Intelligence German Shepherds are highly intelligent dogs that can easily end up training their people rather than the other way around. Once they figure out an exercise’s end game, they are notorious for wanting to jump straight to that and skip the steps in the middle. They will teach you the meaning of “too smart for their own good”.
Loyalty/Protection German Shepherds typically start developing their sense of self and accompanying protection instincts between 12 and 18 months of age. This can make them suspicious of anyone and everyone. Worse, some German Shepherds have been bred to be shy, whether intentionally or not, which can amplify these suspicions.
Energy/Exercise Like any working dog, German Shepherds need a job. If you don’t provide one, they will find one of their own. And you probably won’t like what they choose!
Prey Drive Like a lot of working dogs, German Shepherds are often bred for what’s known as a high prey drive. This means if they see something running, or just moving quickly, they want to chase it. That obviously can include the family cat(s). It can also make them hard to control on a walk if anything moves quickly in their environment. I had one puppy that came unglued when a large grasshopper jumped in front of her!
German Shepherds as a Family Dog: Good Idea
Now let’s review the reasons that German Shepherds make the best family dogs!
Presence German Shepherds are large dogs that immediately command respect. Once you get over feeling annoyed as people cross the street when you’re walking your dog, you’ll learn to appreciate the fact that no one breaks into a house with a German Shepherd!
Socialization With proper training, your German Shepherd can expect that all people and other animals are fundamentally good and so enjoy their company. They’ll play well with your friends’ dog(s) and your friends. The key is to begin socializing early.
Breeding Just as there are irresponsible breeders, there are also fantastic breeders. Pet lines or show lines will make a better family dog than strong working lines. If you want to go this route, you will need to spend some money, but you can be picky and get a dog whose parents’ hips have been certified by the Orthopedic Foundation for Animals (OFA) “Good” and/or “Excellent” which means your dog will have a very small chance of having dysplasia.
Intelligence German Shepherds are a very intelligent breed who can solve problems. They can be trained to independently perform complex tasks for their owner(s).

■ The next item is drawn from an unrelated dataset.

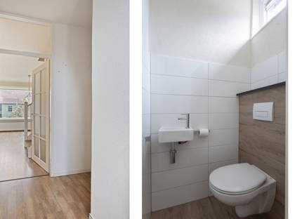 Via de vaste trap bereik je de eerste verdieping, die is uitgevoerd met een solide betonvloer. Op de overloop heb je toegang tot drie comfortabele slaapkamers. De gehele verdieping is afgewerkt met laminaatvloeren en voorzien van duurzame kunststof kozijnen. De moderne badkamer, circa 3 jaar oud, is praktisch ingedeeld en beschikt over een wastafel en toilet.

Loyalty/Protection German Shepherds naturally bond to their family and seek to protect them from harm. With proper training they will love, respect and care for their people. Even if you just run to the store, upon your return they will greet you like you’ve been gone for years!
Energy/Exercise German Shepherds are natural athletes with a lot of energy. It takes a LOT to tire one out. Your children can play with them as long as they want! They can easily handle 4 to 5 miles of walking/jogging a day. And they’ll still be willing to play ball in the park afterward!
Prey Drive Dogs with a high prey drive tend to be very trainable. The hardest dog to train is the one that doesn’t care about anything. But if your dog loves the ball or toy, then giving the ball is a reward, withholding the ball is a correction. You can use these 2 motivators to train all kinds of different behaviors.
German Shepherds can be a great choice for a family dog as long as you understand what you’re getting yourself into. As you can see in the last 2 sections, the same qualities that make them a poor choice for a family dog can also make them a good choice. The difference is training and socialization. Socialization is most important when they are young – 4 to 8 months. Training never ending. So is getting a German Shepherd as a family dog a bad or a good idea? Yes!